START Extracted material

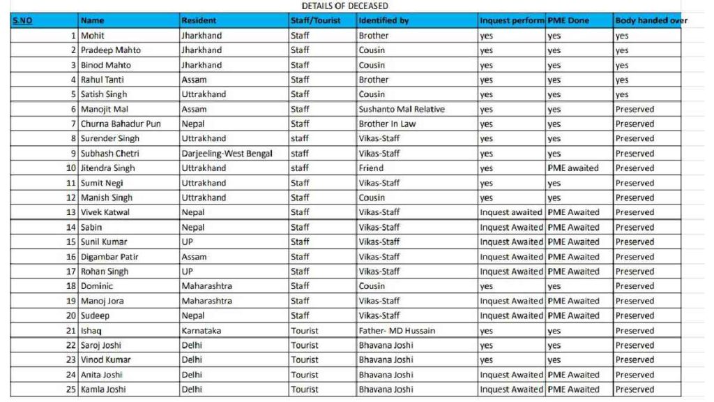 नाईट क्लबला लागलेल्या आगीत पाच पर्यटकांचाही मृत्यू झाला, तर उर्वरित कर्मचारी होते. क्लबच्या कर्मचाऱ्यांमध्ये आसाम, बंगाल, झारखंड, महाराष्ट्र, उत्तराखंड, उत्तर प्रदेश आणि नेपाळमधील लोकांचा समावेश होता. या घटनेत त्यांचा मृत्यू झाला.
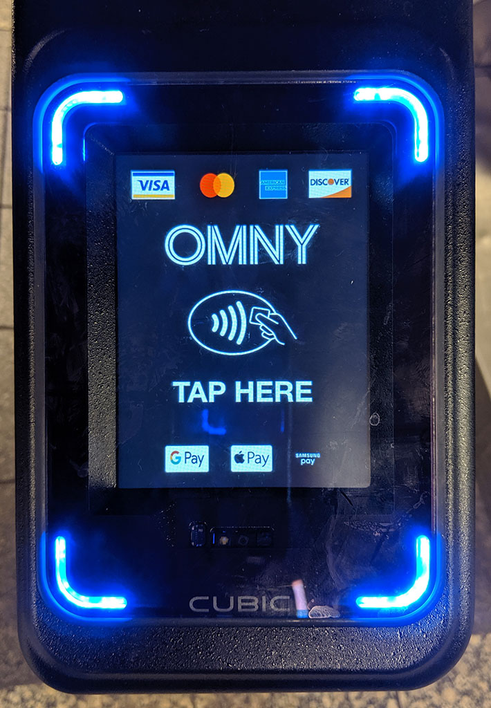 In order to use OMNY, first make sure that the reader has the four blue corner lights and says "OMNY TAP HERE":
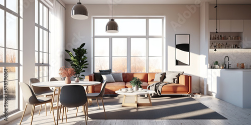 Illustration of modern light apartment with big windows created with Generative AI technology
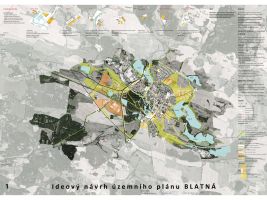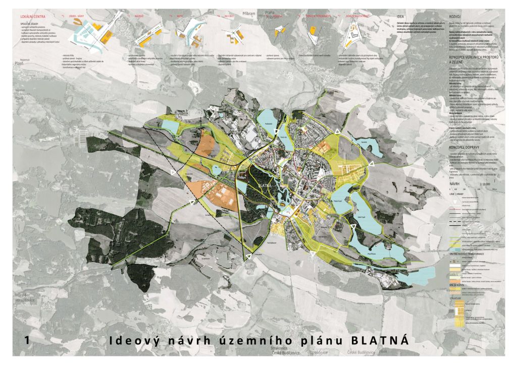 Město Blatná představuje jedinečné spojení města a krajiny, která proniká až do historického jádra. Základní ideou návrhu proto byla především ochrana a rozvíjení zelené páteře města, ochrana krajinných panoramat či zkvalitnění vnitřních městských prostor. „Byla to jedna z prvních soutěží, které jsme se účastnili. Města hledala architekty, kteří by dělali územní plány. Účastnili jsme se více soutěží, zde jsme ale uspěli. Blatná je město protnuté přírodou, je zde říčka Lomnice, sportovní hřiště i zámecký areál. Naším cílem bylo reagovat nejen na samotný veřejný prostor v Blatné, ale i na okolní vesničky. Zde začala naše dlouhodobá spolupráce s tímto městem,“ říká architekt Michal Petr.
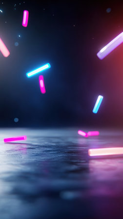 Vibrant neon light beams floating in a dark, reflective space, creating an abstract and futuristic atmosphere.
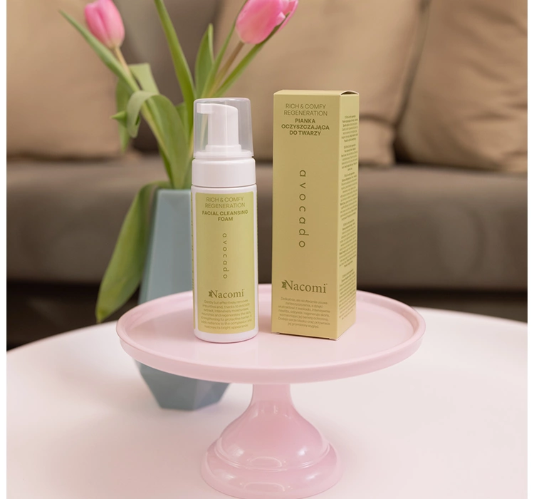 Für Personen, die nach effektiven Kosmetika für eine umfassende Pflege und intensive Regeneration der Haut suchen, hat die Marke Nacomi die einzigartige Serie Avocado RICH & COMFY REGENERATION kreiert. Diese Serie ist sowohl für junge Menschen als auch für diejenigen mittleren Alters gedacht, die mit Trockenheit und Dehydration der Haut, mattem Teint oder Irritationen kämpfen. Speziell ausgewählte aktive Inhaltsstoffe in den Produkten dieser Linie haben die Aufgabe, die natürliche Balance der Haut wiederherzustellen und ihr ein strahlendes und gesundes Aussehen zu verleihen.
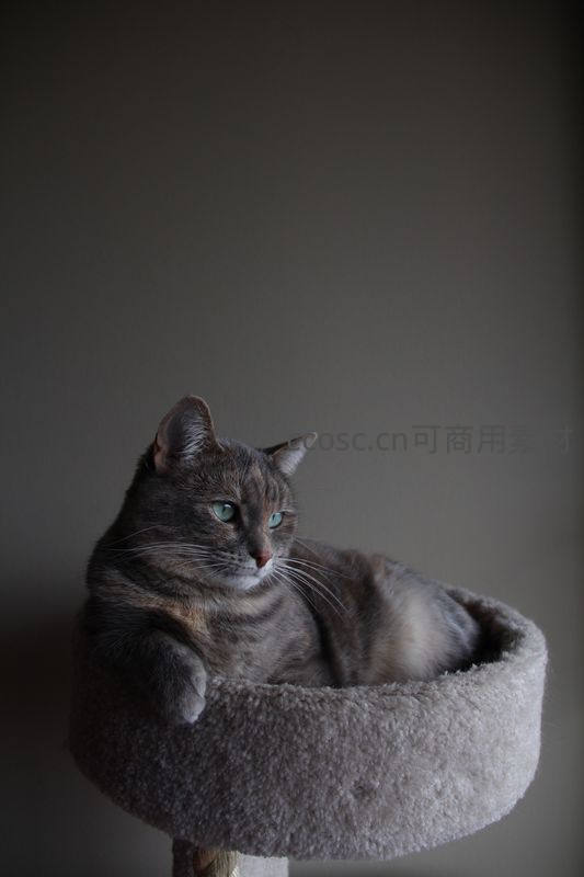 一只灰色虎斑猫慵懒地卧在猫爬架顶端的绒毛窝里,碧绿色的眼睛专注凝视前方,背景简洁,凸显其高贵气质。
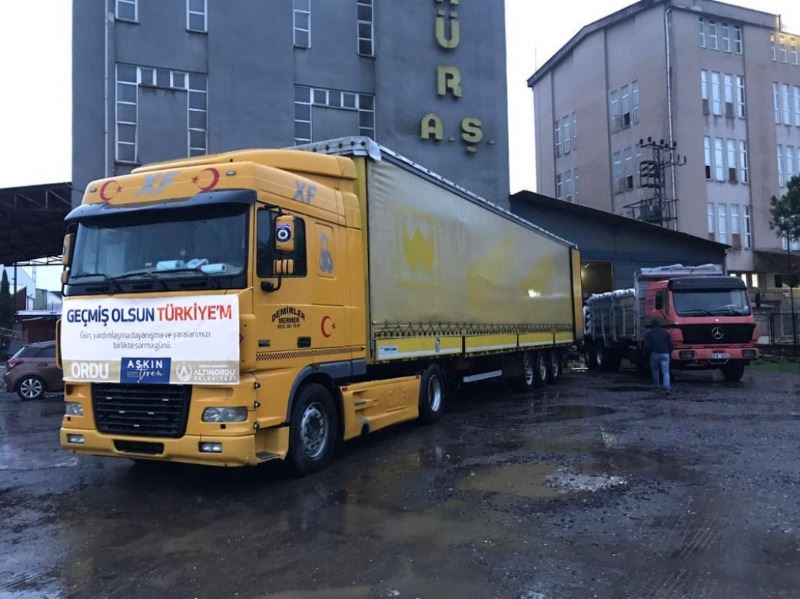 Yardım tırlarımız deprem bölgesine hareket etti. Seksen beş milyon bir olduk, yaralarımızı birlikte sarıyoruz.
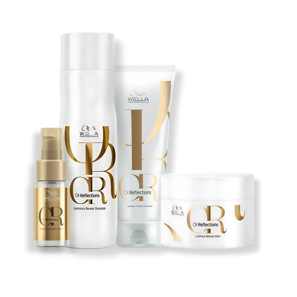 O kit Wella Professionals Oil Reflections é um conjunto de produtos capilares completo, composto por Shampoo, Condicionador, Máscara e Óleo Capilar, desenvolvido especificamente para tratamento de cabelos secos. Sua fórmula é rica em óleos preciosos de camélia e extrato de chá branco, criado para oferecer um tratamento capilar especializado.
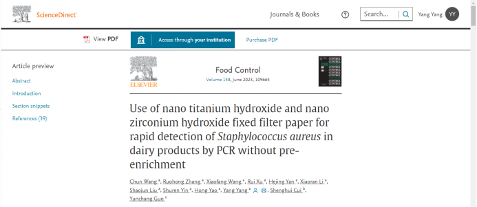 近日,半岛online(中国)食品科技学院杨洋教师团队在国际权威期刊食品控制(SCI,JCR Q1,中科院大类分区1区,顶刊,IF=6.652)发表论文“纳米氢氧化钛和纳米氢氧化锆固定滤纸无需前增菌快速检测乳制品中金黄色葡萄球菌方法的建立”。
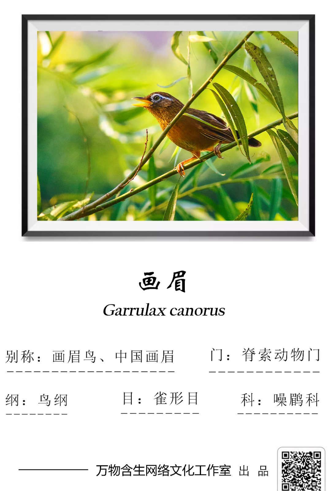 画眉(Garrulax canorus),鸟纲、雀形目,别名为画眉鸟、中国画眉。该物种被列入《世界自然保护联盟濒危物种红色名录》(IUCN)——无危(LC)和中国《国家重点保护野生动物名录》二级。
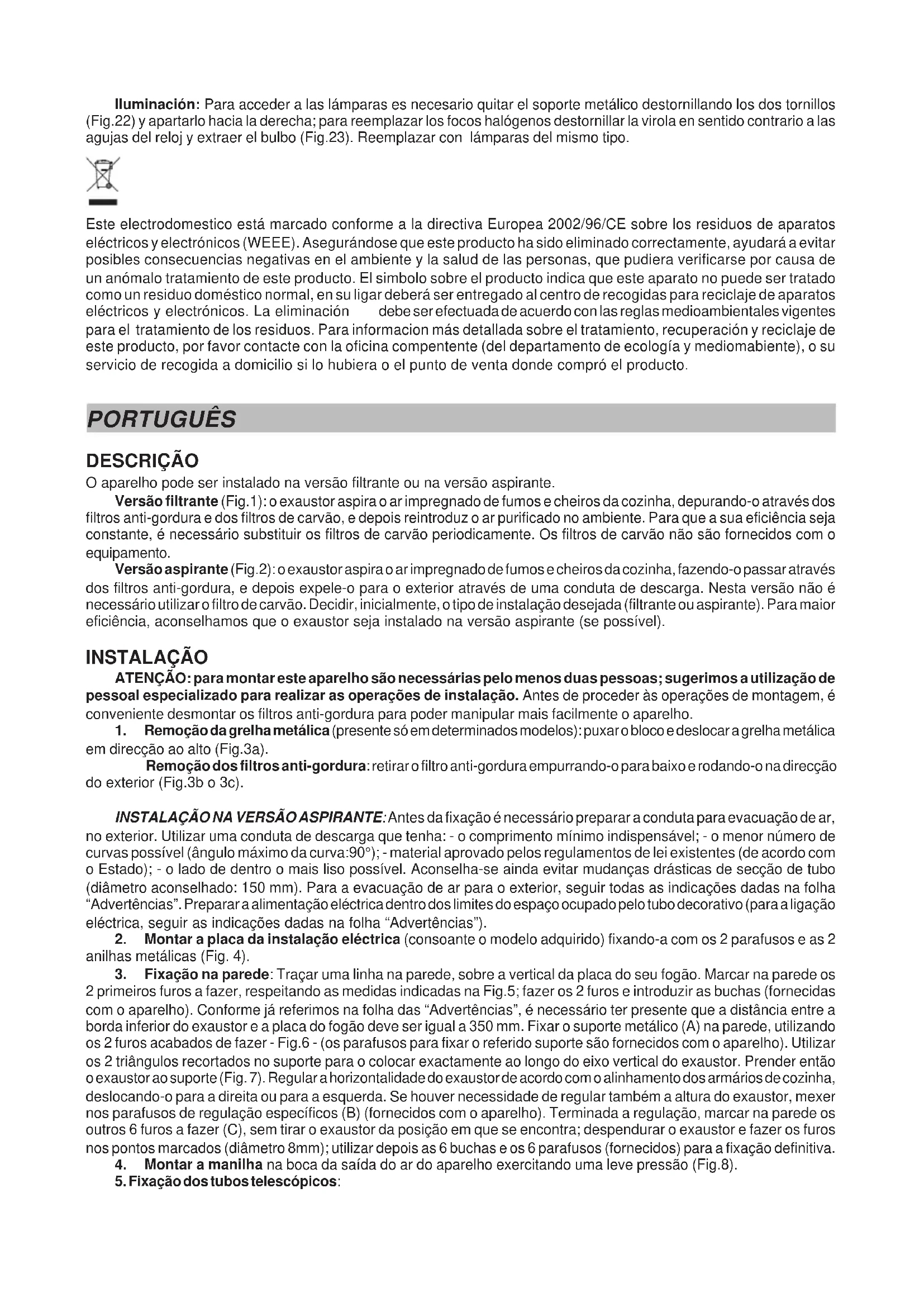 5. Fixação dos tubos telescópicos:5a - Montar o suporte tubo utilizando os 4 parafusos em dotação (Fig.9); fixar depois o suporte no tecto com as buchas e parafusos (F) fornecidos, sobre o eixo de simetria vertical do exaustor (Fig.10). 5b - Ligar a conduta para evacuação do ar à boca de saída de ar do exaustor; utilizar um tubo flexível e fixá-lo à boca de saída de ar com uma braçadeira metálica - Fig.11 - (o tubo e a braçadeira não são fornecidos com aparelho). Para a versão aspirante, inverter o tubo superior de maneira a fazer com que as grelhas de evacuação de ar fiquem para baixo (Fig.12). 5c - Fazer a ligação eléctrica do exaustor ligando o cabo de alimentação. Inserir os tubos telescópicos apoiando-os por cima do exaustor; levantar o tubo superior até ao tecto e fixá-lo com os 2 parafusos (H) - Fig.13. INSTALAÇÃO NA VERSÃO FILTRANTE: Preparar a alimentação eléctrica dentro dos limites do espaço ocupado pelo tubo decorativo (para a ligação eléctrica, seguir as indicações dadas na folha “Advertências”). Fixação à parede: para a fixação à parede, começar por seguir as instruções dadas para a versão aspirante (ver pontos 2, 3, 4) e depois prosseguir de acordo com as instruções que damos abaixo. Fixação dos tubos telescópicos: - Montar o suporte tubo utilizando os 4 parafusos em dotação (Fig.9); - Fixar depois o suporte no tecto com as buchas e parafusos (F) fornecidos, colocando-o sobre o eixo de simetria vertical do exaustor (Fig. 10). - Montar a redução por cima do exaustor, na posição correspondente ao ponto de saída de ar (Fig.14). - Agarrar no deflector de ar e fixar nele um tubo flexível (com 125 mm de diâmetro), imobilizando-o com uma braçadeira metálica (o tubo e as braçadeiras não são fornecidos com o exaustor); fixar o deflector de ar ao tubo superior (Fig.15) com 4 parafusos. - Ligar o tubo flexível à redução existente na boca de saída de ar (Fig.16). - Fazer a ligação eléctrica do exaustor ligando o cabo de alimentação. - Inserir os tubos telescópicos apoiando-os por cima do exaustor; levantar o tubo superior até ao tecto e fixá-lo com os 2 parafusos H (Fig.13). - Montar o filtro de carvão introduzindo as 2 linguetas do filtro na respectiva sede (Fig.17) e rodando-o para cima. FUNCIONAMENTO Os comandos variam de acordo com a versão do aparelho. Os tipos de comandos existentes são os seguintes: COMANDOS da Fig.18: A) Desliga as LUZES. B) Acende as LUZES. C) Reduz a velocidade até atingir a velocidade mínima. Se pressionado durante 2" desliga-se o motor. D) Acciona o motor (lembrando a última velocidade utilizada) e aumenta a velocidade até chegar à máxima. E) RESET ALARME FILTROS/TEMPORIZADOR: pressionando a tecla durante a visualização do alarme filtros (com o motor desligado) reinicia a contagem das horas. Pressionando a tecla durante o funcionamento do motor, activa-se o TEMPORIZADOR, razão pela qual o exaustor desliga-se automaticamente após 5 minutos. L1) Os 4 LED VERDES indicam a velocidade em execução. L2) Quando o LED é vermelho (com o motor desligado) indica o ALARME FILTROS. Quando o LED é verde (intermitente) indica que foi accionado o TEMPORIZADOR através da tecla E. ALARME DOS FILTROS: Ao fim de 30h de funcionamento, o Led L2 passa a VERMELHO. indica que os filtros anti-gordura devem ser limpos. Ao fim de 120h de funcionamento o Led L2 passa a VERMELHO intermitente; indica que os filtros anti-gordura devem ser limpos e os filtros de carvão devem ser substituídos. Terminada a limpeza dos filtros anti-gordura (e/ou substituídos os filtros de carvão), para reiniciar a contagem das horas (RESET) premir a tecla E durante a visualização do alarme dos filtros. COMANDOS da Fig.19: P1) OFF/- Luz: Diminui a intensidade luminosa até atingir o mínimo. Se for premido por 2", as luzes apagam-se. P2) ON/+ Luzes: Acende as luzes com a intensidade do último nível de luminosidade programado (o mesmo que tinham antes de terem sido desligadas pela última vez). Aumenta a intensidade luminosa até atingir o máximo. P3) OFF/- Motor: Diminui a velocidade até atingir a velocidade mínima. Se for premido por 2", o motor desliga-se. Se for premido por 2"com o ALARME FILTROS activo, põe o contador de HORAS a zero. P4) ON/+ Motor: Liga o motor com a mesma velocidade da última programada (a mesma que tinha antes de ter sido desligado pela última vez). Aumenta a velocidade do motor até atingir a velocidade máxima (NÃO INTENSIVAS). Se for premido por 2", activa-se o Timer de 5 minutos, facto SINALIZADO através da luz intermitente emitida pelos leds correspondentes à velocidade em execução. Se for premido por 2" com o Timer activo , faz com que este último seja ELIMINADO. P5) INT: Só funciona com o MOTOR em ON (ligado). Se for premido uma vez activa a PRIMEIRA intensiva, duas vezes activa a SEGUNDA intensiva, TRÊS vezes retoma a velocidade que estava definida antes da intensiva (ou seja, uma das 4 primeiras). L1) Os 4 LED VERDES indicam a velocidade em execução. L2) Led Bicolor: VERDE = indica primeira velocidade intensiva. VERMELHO = indica segunda velocidade intensiva. ALARME DOS FILTROS: Ao fim de 30h de funcionamento, os primeiros 2 LED (L1) piscam; indica que os filtros anti-gordura devem ser limpos. Ao fim de 120h de funcionamento os últimos 2 LED (L1) piscam; indica que os filtros anti-gordura devem ser limpos eos filtros de carvão devem ser substituídos. Terminada a limpeza dos filtros anti-gordura (e/ou substituídos os filtros de carvão), para reiniciar a contagem das horas (RESET) premir a tecla P3 durante a visualização do alarme dos filtros. COMANDOS da Fig.20: A) apaga as luzes; B) liga as luzes; C) Diminui progressivamente a velocidade do motor até chegar a zero. Se for premido por 2" quando o Alarme dos Filtros estiver activado, o contador de HORAS passa a zero. D) Acciona o motor (relembrando a última velocidade utilizada) e aumenta a v
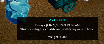 ¶ Part 3 - Deliver the Azureite Flame and three Azureite Ore to Marv the Miner in the town of Minoc (You must place the three Azureite Ores on the ground simultaneously near Marv the Miner and select them one at a time when prompted). You will be given a Golden Pickaxe.

END Extracted material

▶ Try it
Transcribe only this stretch of the data: the line with "O kit Wella", the line with "画眉(Garrulax ca", and every line in between. Leave out the pictures.

▶ Your response
 O kit Wella Professionals Oil Reflections é um conjunto de produtos capilares completo, composto por Shampoo, Condicionador, Máscara e Óleo Capilar, desenvolvido especificamente para tratamento de cabelos secos. Sua fórmula é rica em óleos preciosos de camélia e extrato de chá branco, criado para oferecer um tratamento capilar especializado.
 近日,半岛online(中国)食品科技学院杨洋教师团队在国际权威期刊食品控制(SCI,JCR Q1,中科院大类分区1区,顶刊,IF=6.652)发表论文“纳米氢氧化钛和纳米氢氧化锆固定滤纸无需前增菌快速检测乳制品中金黄色葡萄球菌方法的建立”。
 画眉(Garrulax canorus),鸟纲、雀形目,别名为画眉鸟、中国画眉。该物种被列入《世界自然保护联盟濒危物种红色名录》(IUCN)——无危(LC)和中国《国家重点保护野生动物名录》二级。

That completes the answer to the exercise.